Thyroid neck pain describes discomfort related to some abnormal condition that is affecting the thyroid gland in the anterior neck anatomy. The thyroid is an endocrine gland that is located in the throat, wrapped around the larynx and trachea. Its primary purpose is to produce crucial hormones for the body that help to regulate metabolism. There are many problematic conditions that can impair the thyroid from proper functionality. Only some of these conditions will be painful to any noticeable degree. The rest might be symptomatic, but do not cause neck pain, per se.
This exploratory essay focuses on thyroid conditions that involve the possibility of neck pain being included among the symptom set. We will examine thyroid pain in the gland itself and in surrounding areas of the neck, as well.
Hyperthyroid and Hypothyroid Neck Pain
Hyperthyroid disease is a condition that involves abnormal escalation of thyroid activity. In these cases, the thyroid gland produces too many hormones. There are many possible sources of hyperthyroidism, including Graves’ disease, thyroid nodule formation, thyroiditis and excessive intake of iodine in the diet. Non-painful symptoms of hyperthyroid conditions might encompass moodiness, nervousness, general fatigue, muscle weakness, insomnia, tremors in the hands, irregular heart-rate, loose stools, weight loss and sensitivity to heat.
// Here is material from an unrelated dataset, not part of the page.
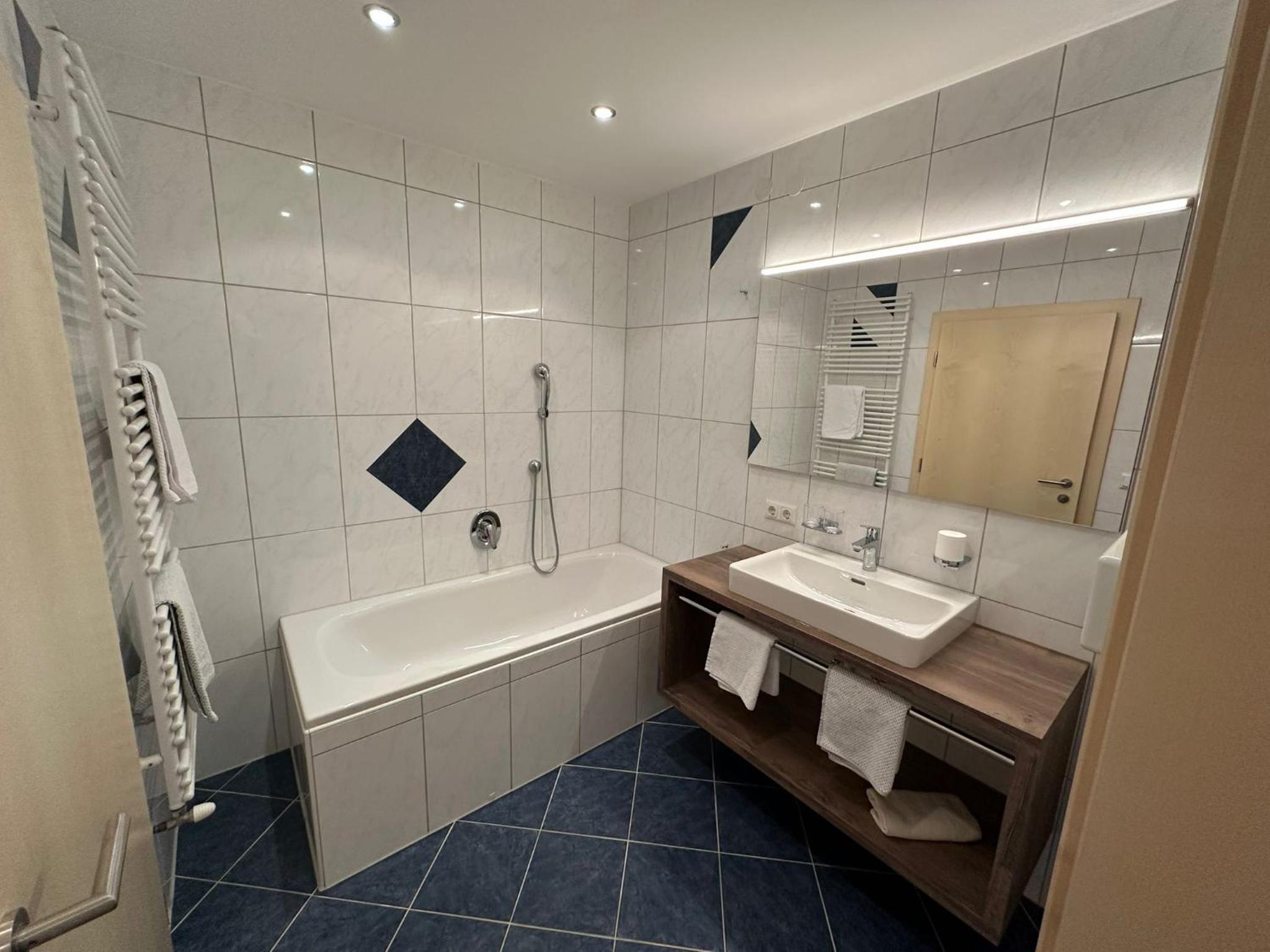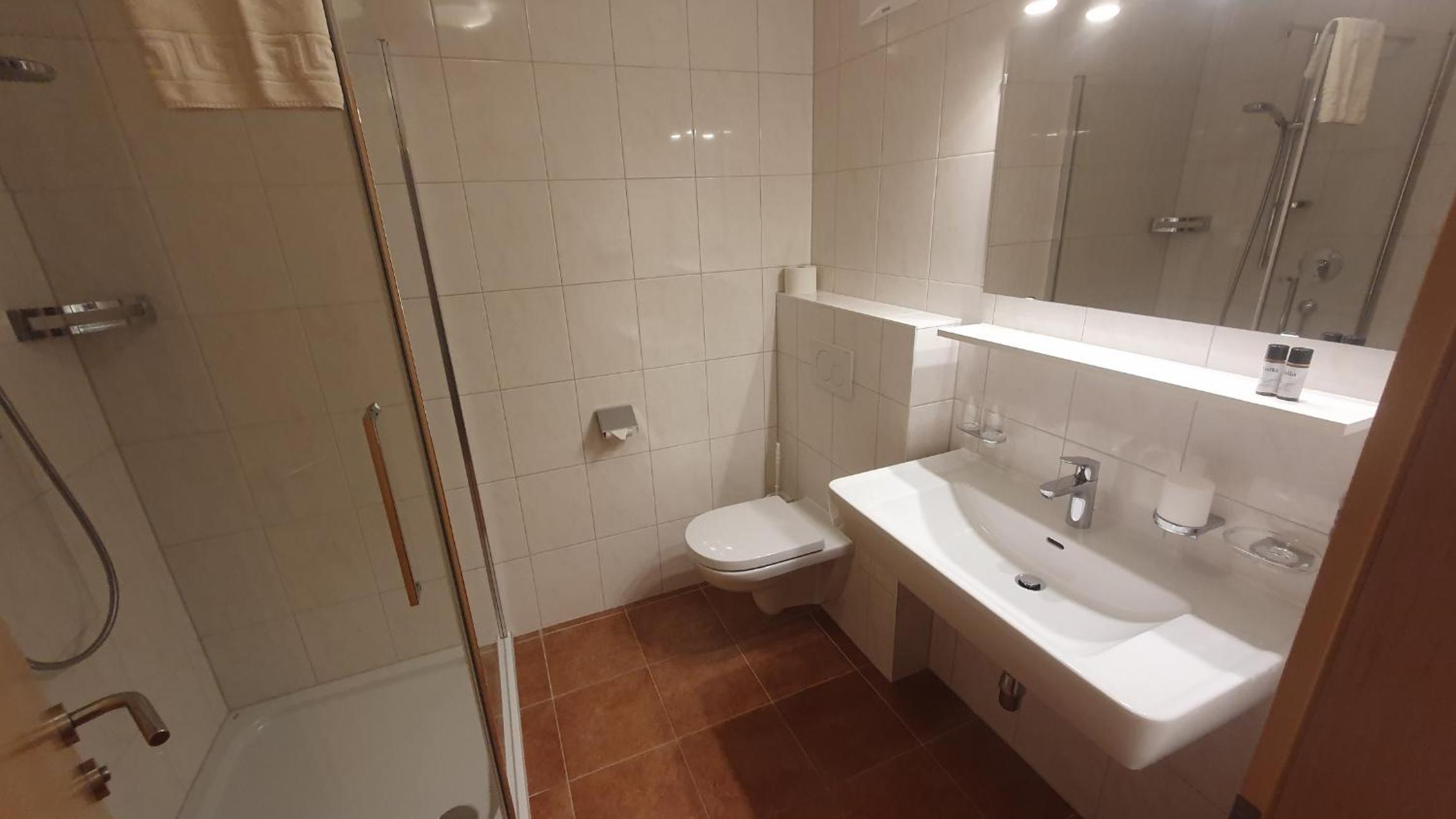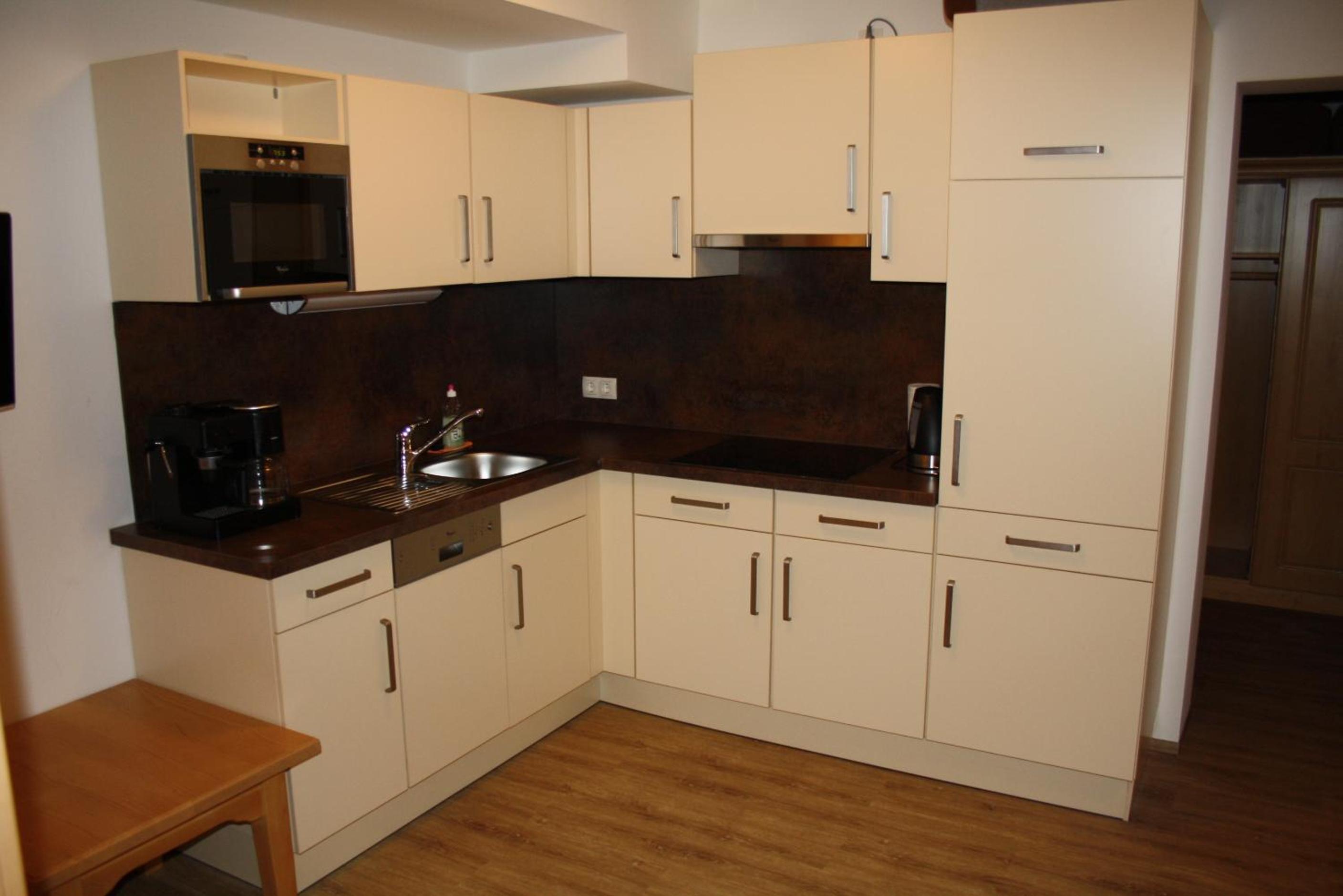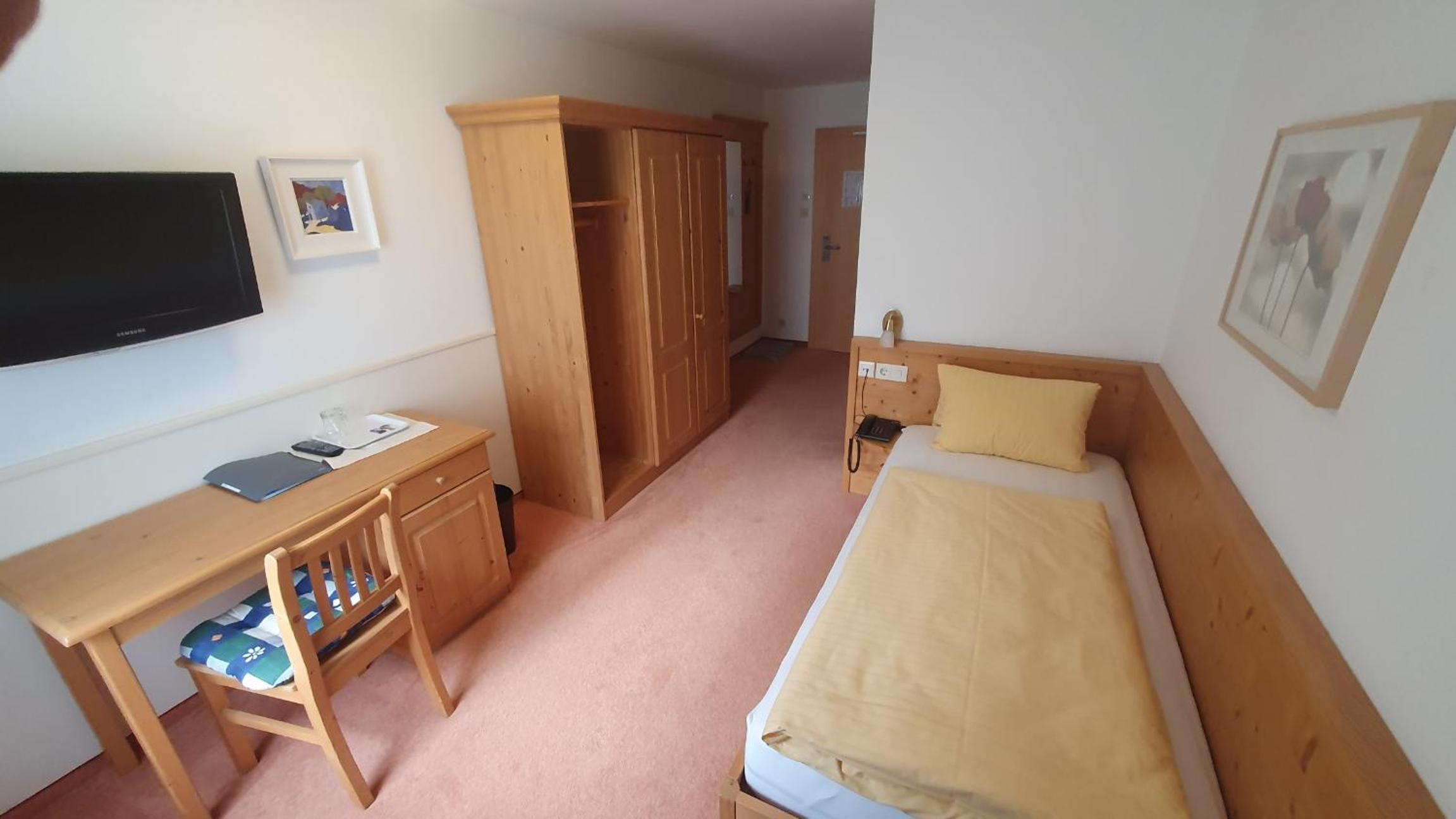 The photos and pictures do not do justice to the hotel and the room. We stayed in appt 11 with 4 people, very spacious, 2 separate bedrooms with kitchen loungers, well equipped kitchen, lovely balcony. Fabulous views of the mountains. 5 min walk (in ski boots) to St anton east lift/ ski bus. Staff very friendly, room serviced daily. Fabulous stay.

Meanwhile, hypothyroidism involves a reduction in the hormone-producing activity of the gland. Typical causations include Hashimoto’s disease, thyroiditis, congenital disposition of the gland, injury to the thyroid and chemical reactions due to some pharmaceutical compounds. Non-painful expressions of hypothyroid disorders may include puffy face, tiredness, weight gain, sensitivity to cold, inability to void bowels, lack of saliva or sweat, irregular menstruation, slow heart beat, dry skin and depression.
Both hyper and hypothyroidism can cause localized pain in the gland itself and around the surrounding anatomy, especially when a goiter is present. Hypothyroidism is more likely to create systemic pain in joints and soft tissues outside of the immediate gland location.
Thyroid Neck Pain from Thyroiditis
Thyroiditis describes inflammation of the gland that can occur due to various reasons and processes. Many instances of thyroid inflammation can cause pain in the throat and in the surrounding areas of the frontal neck. Other types of thyroid inflammation do not generally cause pain. Here are the varieties of thyroid inflammation and hypertrophy that can cause neck pain:
Subacute granulamatous thyroiditis, de Quervain’s thyroiditis, subacute nonsuppurative thyroiditis and painful subacute thyroiditis all describe virtually identical diagnoses that involve viral infection of the gland, typically accompanied by fever and a feeling of having a blocked throat.
Acute infectious thyroiditis is caused by bacterial infection of the gland and often involves abscess formation that can become truly problematic to gland functionality.
Thyroid Neck Pain Evaluation
Thyroid concerns are rarely mistaken for other types of neck pain, since they typically involve highly specific symptoms and can be easily diagnosed through rudimentary blood testing and clinical examination. Additionally, pain in association with thyroid problems is rarely severe and is focused on the frontal region of the neck, directly in or around the gland itself. The exceptions include thyroid cancer, which may cause widespread pain in many areas of lymphatic activity throughout the body, and hypothyroidism-related systemic muscle and joint pain.
Risk factors for developing thyroid irregularities are many and diversified. Some of the universal contributors to the expression of thyroid problems include any and all of the following patient characteristics:
Genetic patterns for thyroid disease drastically increases risk for personal development. Some people are genetically predisposed towards certain types of thyroid problems.
Left handed and ambidextrous people demonstrate higher susceptibility to thyroid troubles.
People who receive too much or too little iodine are likely to develop some form of thyroid condition.
Women are more susceptible than men to all forms of thyroid issues.
Pregnancy and postpartum conditions both increase the risk for thyroid abnormalities to exist.
Being past middle age increases the risk of thyroid disorders.
Smoking and large amounts of emotional stress both increase the risk of thyroid problems slightly.